_Data records_.
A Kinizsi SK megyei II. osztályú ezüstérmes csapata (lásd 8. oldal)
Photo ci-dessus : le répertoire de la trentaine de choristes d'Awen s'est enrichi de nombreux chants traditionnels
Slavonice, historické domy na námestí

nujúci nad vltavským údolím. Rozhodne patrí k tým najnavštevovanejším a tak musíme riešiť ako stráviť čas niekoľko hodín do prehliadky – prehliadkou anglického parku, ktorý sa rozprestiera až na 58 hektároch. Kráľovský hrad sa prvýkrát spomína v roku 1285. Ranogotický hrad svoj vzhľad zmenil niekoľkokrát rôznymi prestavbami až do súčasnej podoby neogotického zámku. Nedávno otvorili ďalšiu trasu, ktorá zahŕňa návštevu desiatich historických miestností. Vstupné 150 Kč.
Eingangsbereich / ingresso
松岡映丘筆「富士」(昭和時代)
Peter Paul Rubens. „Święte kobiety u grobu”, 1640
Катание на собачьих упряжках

--

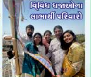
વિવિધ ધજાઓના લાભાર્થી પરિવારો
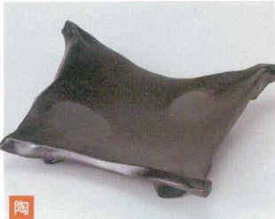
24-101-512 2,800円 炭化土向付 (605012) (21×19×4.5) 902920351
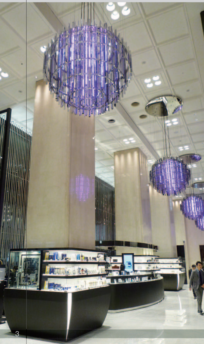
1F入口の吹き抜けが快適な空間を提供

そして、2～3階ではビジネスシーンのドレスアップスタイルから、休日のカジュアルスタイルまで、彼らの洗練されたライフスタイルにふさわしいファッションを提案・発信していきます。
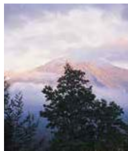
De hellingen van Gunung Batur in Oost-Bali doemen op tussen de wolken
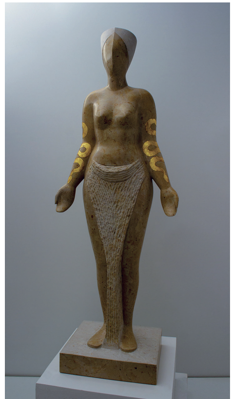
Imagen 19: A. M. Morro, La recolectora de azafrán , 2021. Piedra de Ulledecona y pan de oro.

==

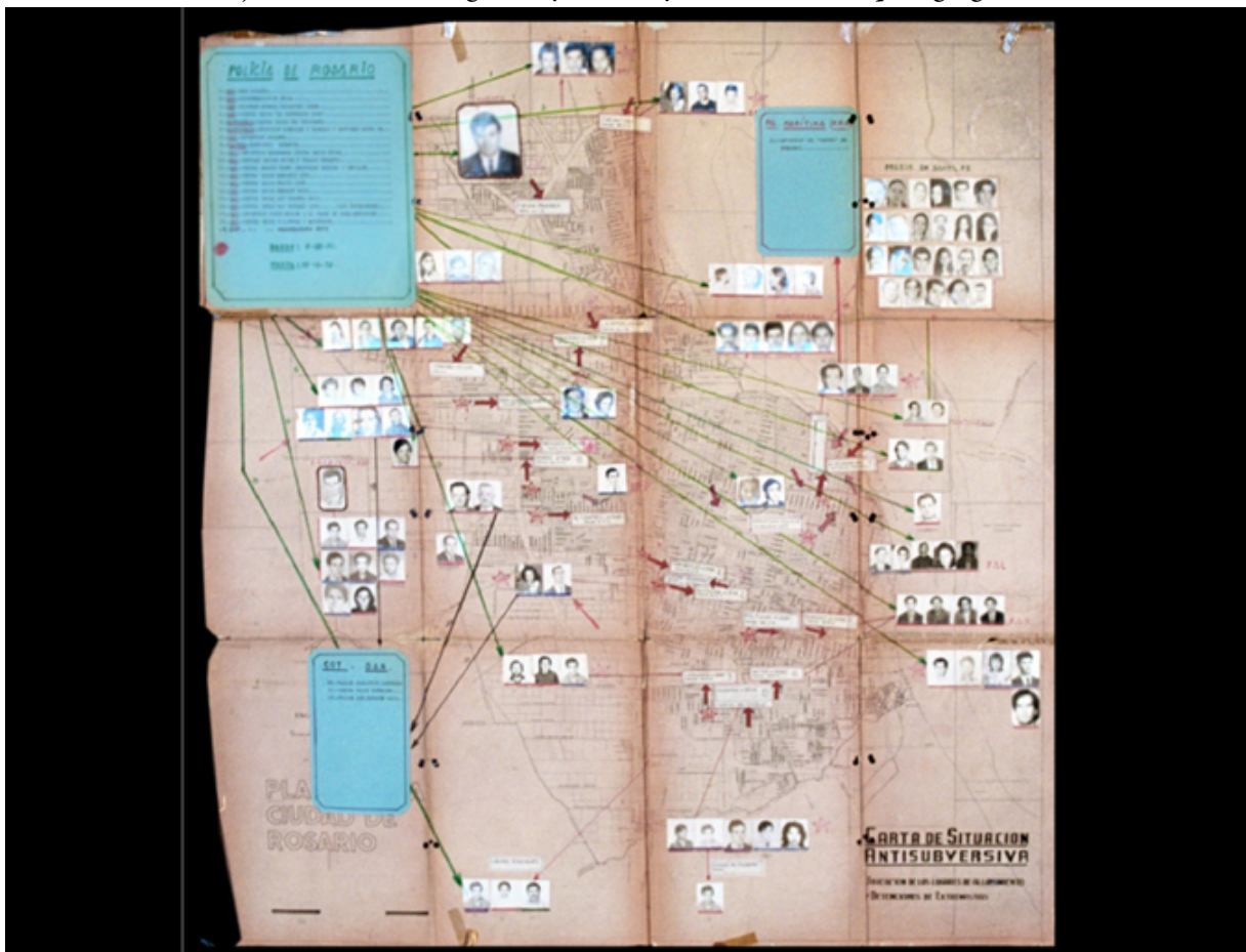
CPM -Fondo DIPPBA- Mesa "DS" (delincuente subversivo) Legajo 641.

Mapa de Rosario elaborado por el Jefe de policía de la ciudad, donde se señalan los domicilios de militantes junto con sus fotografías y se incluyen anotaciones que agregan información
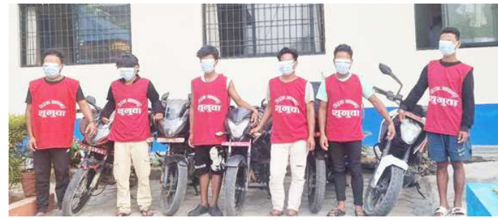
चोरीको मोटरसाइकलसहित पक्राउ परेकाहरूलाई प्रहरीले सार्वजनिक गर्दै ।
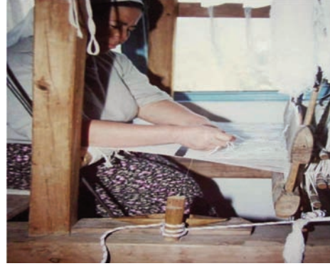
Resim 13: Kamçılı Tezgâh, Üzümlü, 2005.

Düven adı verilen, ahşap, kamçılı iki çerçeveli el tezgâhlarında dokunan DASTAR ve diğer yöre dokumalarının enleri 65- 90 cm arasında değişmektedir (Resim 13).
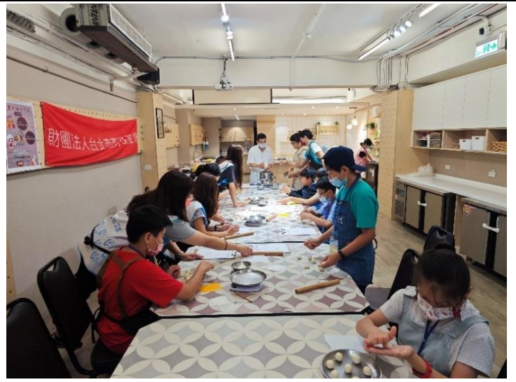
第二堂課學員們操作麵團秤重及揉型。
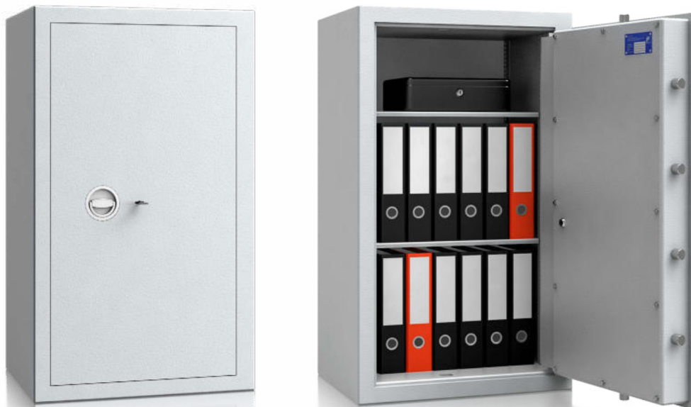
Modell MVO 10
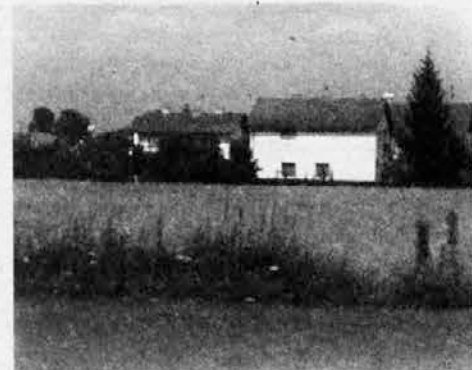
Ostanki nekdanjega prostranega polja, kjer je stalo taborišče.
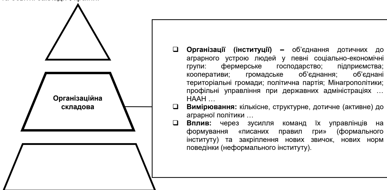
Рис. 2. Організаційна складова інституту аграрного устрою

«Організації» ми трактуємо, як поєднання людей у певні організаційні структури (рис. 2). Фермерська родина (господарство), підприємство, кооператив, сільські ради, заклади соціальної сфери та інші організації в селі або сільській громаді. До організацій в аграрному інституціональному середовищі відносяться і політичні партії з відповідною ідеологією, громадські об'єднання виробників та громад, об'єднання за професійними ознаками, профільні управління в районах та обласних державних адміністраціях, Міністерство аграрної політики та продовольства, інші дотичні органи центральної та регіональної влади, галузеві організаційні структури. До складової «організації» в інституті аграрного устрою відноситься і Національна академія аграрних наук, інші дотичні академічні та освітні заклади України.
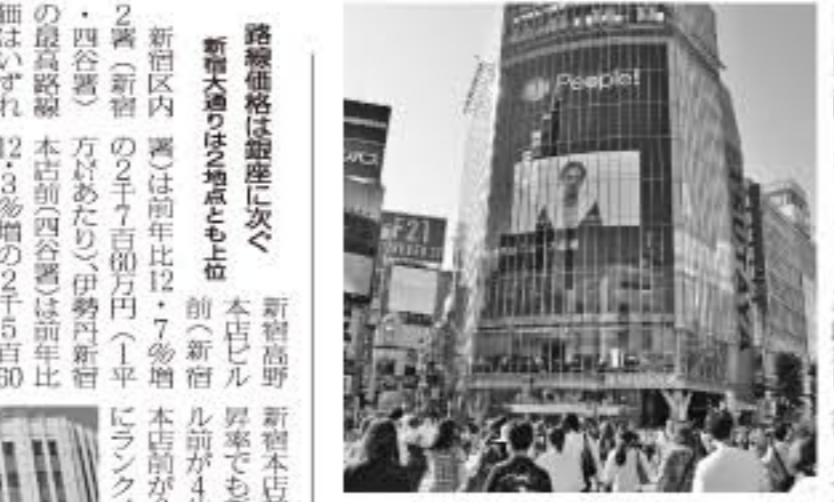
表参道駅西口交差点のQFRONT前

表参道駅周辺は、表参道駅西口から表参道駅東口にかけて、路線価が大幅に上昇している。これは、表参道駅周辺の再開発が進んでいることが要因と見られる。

_Your objective_. Return each line of the data that contains the string "аграрного".

_Task response_.
Рис. 2. Організаційна складова інституту аграрного устрою
«Організації» ми трактуємо, як поєднання людей у певні організаційні структури (рис. 2). Фермерська родина (господарство), підприємство, кооператив, сільські ради, заклади соціальної сфери та інші організації в селі або сільській громаді. До організацій в аграрному інституціональному середовищі відносяться і політичні партії з відповідною ідеологією, громадські об'єднання виробників та громад, об'єднання за професійними ознаками, профільні управління в районах та обласних державних адміністраціях, Міністерство аграрної політики та продовольства, інші дотичні органи центральної та регіональної влади, галузеві організаційні структури. До складової «організації» в інституті аграрного устрою відноситься і Національна академія аграрних наук, інші дотичні академічні та освітні заклади України.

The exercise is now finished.